Red-tailed hawks don’t eat birds (usually), not small birds.

The hawk must’ve been watching and knew where this nest was. It’s not like it went after a fledgling not able to fly…it went INTO the nest to grab them! And the nest was fairly hidden! I think this is incredible urban behavior in a predator; not afraid of people, and exploring novel food items.

Here are two videos of the hawk eating the nestlings and of the adult robins guarding their, now empty, nest:

Here is a collection of play-by-play photos of the event:

Empty robin nest…the hawk had just taken off while I scrambled for my camera.

The hawk took off with two fistfuls of nestlings and landed on its favorite perch…20 yards away.

Red-tailed hawk eating nestling number one.
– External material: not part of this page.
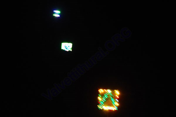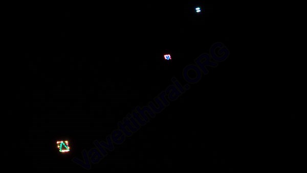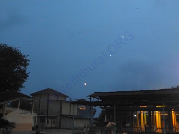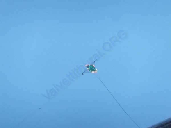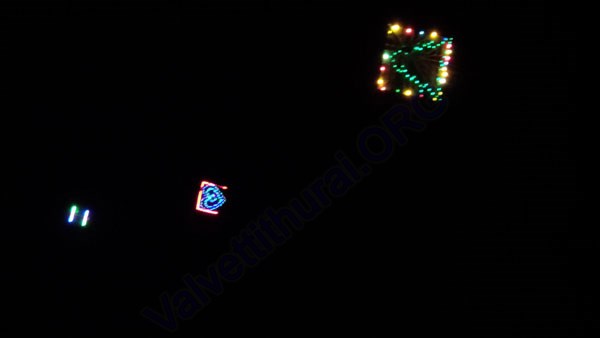 Three numbers of Kites, decorated with numerous lights are flying in series, i.e one after the other, at Thiruvil, Valvettithurai. Kites which are in 8, 6 and 4 foot high in size, about 125 meter apart from each other, have been fixed with more than 1000 numbers of of various types of bulbs, including LCD bulbs.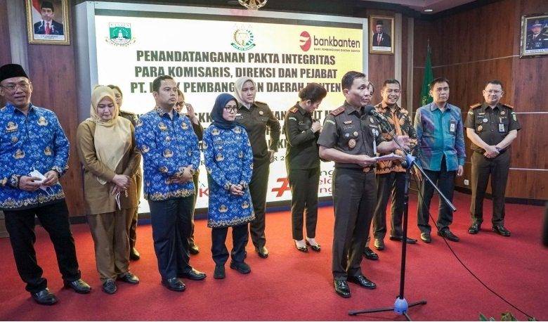 Hal tersebut disampaikan Direktur Utama Bank Banten, Dr. Agus Syabarrudin pada kegiatan Penandatanganan Pakta Integritas Manajemen Bank Banten dan Penyerahan Surat Kuasa Khusus (SKK) Peyelesaian Kredit Bermasalah di seluruh Kantor Cabang Bank Banten kepada Kejaksaan Negeri di wilayah Provinsi Banten.

And onto nestling number 2…

Sometimes it’s a bird-eat-bird kinda’ world.

At this point, I’m under the branch and don’t have to use my zoom lens. This particular hawk isn’t scared of humans.

Note fluffy downy feathers. This was a nestling taken from the nest, not a fledgling that was on the ground.

Pin feathers are all that’s left.

More pin feathers found under now empty nest.

Pin feather

Now empty nest. As you can see, the nest is quite camouflaged from aerial predators, thus this young hawk must’ve been watching and waiting…knowing there was a nest full of tasty baby birds there.

The nest was a clutch of three. This nestling survived…luckily hawks only have two feet.  I did not return it to the nest, as it wasn’t necessarily a safe place. Parents are taking care of the baby on the ground.

Note large amount of bird poop. This is where the hawk hangs out. I’m sure it will be back to feed again on many urban creatures.